What is being asked> Word for word, repeat the data; no picture should appear in the result.

Data block>
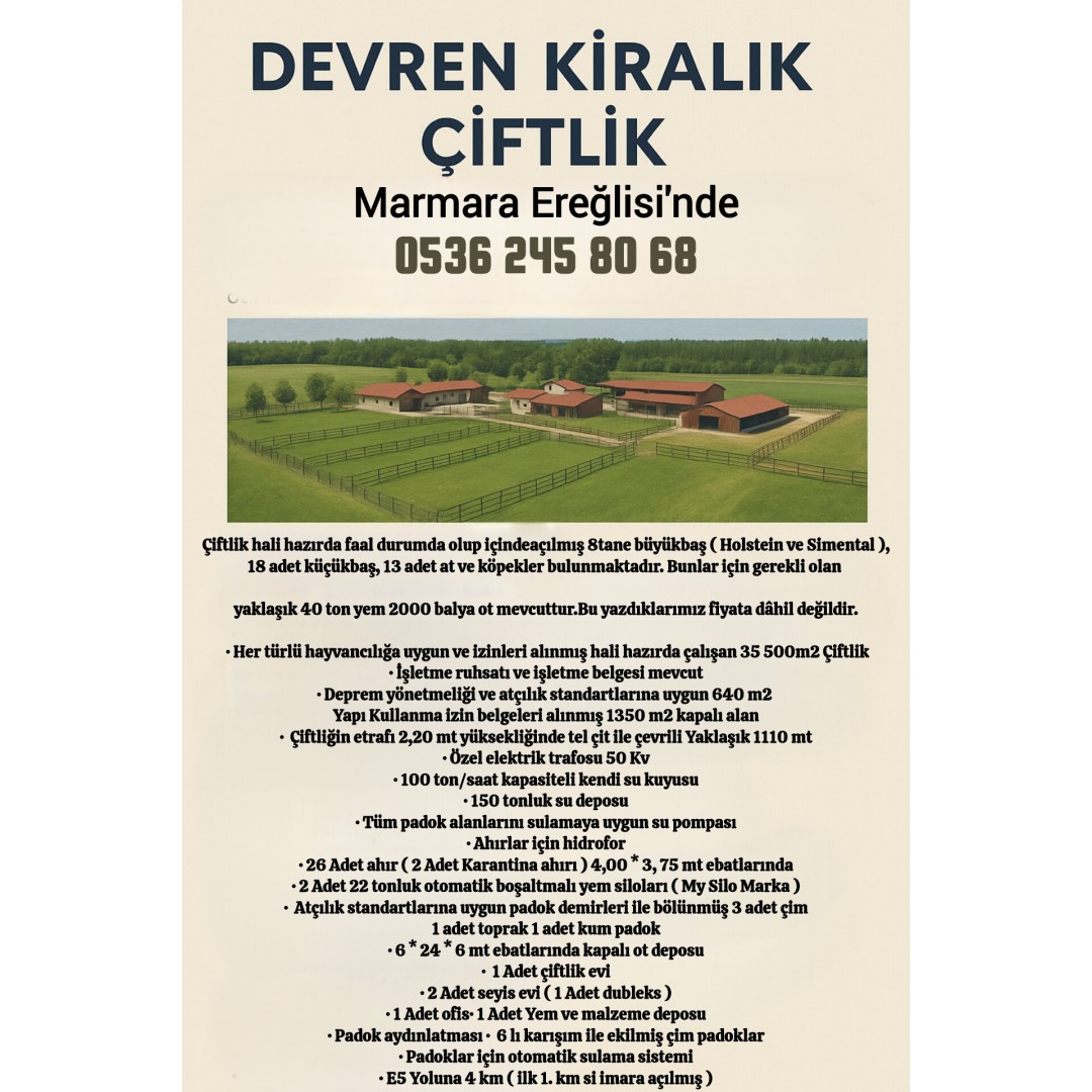 Çiftlik hali hazırda faal durumda olup içinde 8 tane büyükbaş ( Holstein ve Simental ), 18 adet küçükbaş, 13 adet at ve köpekler bulunmaktadır. Bunlar için gerekli olan yaklaşık 40 ton yem 2000 balya ot mevcuttur. Bu yazdıklarımız fiyata dâhil değildir.
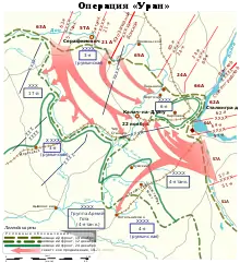 Le au matin, sous un brouillard givrant, le front du Sud-Ouest attaque sur 56 km de large à partir de la tête de pont de Serafimovitch : l'artillerie prépare le terrain pendant 75 minutes, puis l'infanterie d'assaut et ses chars d'accompagnement percent un trou de 22 km de large à travers les premières lignes de la 3e armée roumaine[7]. Les corps d'exploitation sont ensuite introduits dans la brèche, franchissant dans la foulée la seconde ligne roumaine (peu étoffée) et foncent en parallèle plein sud puis sud-est, faisant 15 km dès le premier jour : le 8e corps de cavalerie atteint la Tchir à Tchernikovskaïa[8] le 21 et Osinovski ; le 1er corps de chars va jusqu'à Sourovikino sur la Tchir puis Rijkov sur le Don ; et le 26e corps de chars prend successivement Dobrinka et Ostrov le 21, puis le pont de Kalatch-sur-le-Don le 22 au petit matin[9] (après avoir franchi 128 km), flanc-gardée par le 4e corps de chars (de la 21e armée).
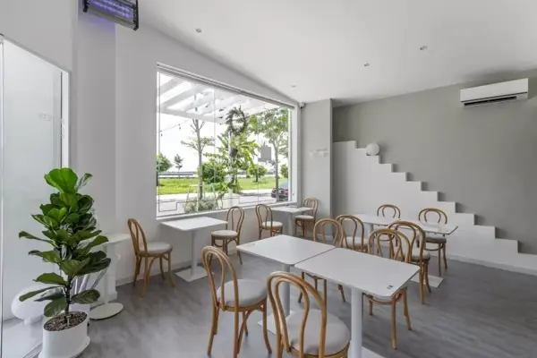 Dự án cải tạo biệt thự cũ thành tiệm Bistro CafeDự án là công trình cải tạo từ một căn biệt thự liền kề ba tầng, diện tích 450m², tọa lạc tại vị trí góc đường trong khu dân cư ven biển tại Kiên Giang. Với mục tiêu chuyển đổi công năng thành một quán café mang tính trải nghiệm thị giác cho thương hiệu Landfuse, thiết kế hướng đến nhóm khách hàng trẻ và khả năng linh hoạt thay đổi hình ảnh theo mùa. Yếu tố khí hậu vùng biển – với độ ẩm cao và khả năng gây ảnh hưởng đến độ bền vật liệu – được xem xét như một điều kiện thiết kế cần lưu tâm. Các giải pháp hoàn thiện, chi tiết cấu tạo và tổ chức lớp bảo vệ được nghiên cứu để đảm bảo công trình ổn định trong quá trình sử dụng dài hạn.

Task response>
 Çiftlik hali hazırda faal durumda olup içinde 8 tane büyükbaş ( Holstein ve Simental ), 18 adet küçükbaş, 13 adet at ve köpekler bulunmaktadır. Bunlar için gerekli olan yaklaşık 40 ton yem 2000 balya ot mevcuttur. Bu yazdıklarımız fiyata dâhil değildir.
 Le au matin, sous un brouillard givrant, le front du Sud-Ouest attaque sur 56 km de large à partir de la tête de pont de Serafimovitch : l'artillerie prépare le terrain pendant 75 minutes, puis l'infanterie d'assaut et ses chars d'accompagnement percent un trou de 22 km de large à travers les premières lignes de la 3e armée roumaine[7]. Les corps d'exploitation sont ensuite introduits dans la brèche, franchissant dans la foulée la seconde ligne roumaine (peu étoffée) et foncent en parallèle plein sud puis sud-est, faisant 15 km dès le premier jour : le 8e corps de cavalerie atteint la Tchir à Tchernikovskaïa[8] le 21 et Osinovski ; le 1er corps de chars va jusqu'à Sourovikino sur la Tchir puis Rijkov sur le Don ; et le 26e corps de chars prend successivement Dobrinka et Ostrov le 21, puis le pont de Kalatch-sur-le-Don le 22 au petit matin[9] (après avoir franchi 128 km), flanc-gardée par le 4e corps de chars (de la 21e armée).
 Dự án cải tạo biệt thự cũ thành tiệm Bistro CafeDự án là công trình cải tạo từ một căn biệt thự liền kề ba tầng, diện tích 450m², tọa lạc tại vị trí góc đường trong khu dân cư ven biển tại Kiên Giang. Với mục tiêu chuyển đổi công năng thành một quán café mang tính trải nghiệm thị giác cho thương hiệu Landfuse, thiết kế hướng đến nhóm khách hàng trẻ và khả năng linh hoạt thay đổi hình ảnh theo mùa. Yếu tố khí hậu vùng biển – với độ ẩm cao và khả năng gây ảnh hưởng đến độ bền vật liệu – được xem xét như một điều kiện thiết kế cần lưu tâm. Các giải pháp hoàn thiện, chi tiết cấu tạo và tổ chức lớp bảo vệ được nghiên cứu để đảm bảo công trình ổn định trong quá trình sử dụng dài hạn.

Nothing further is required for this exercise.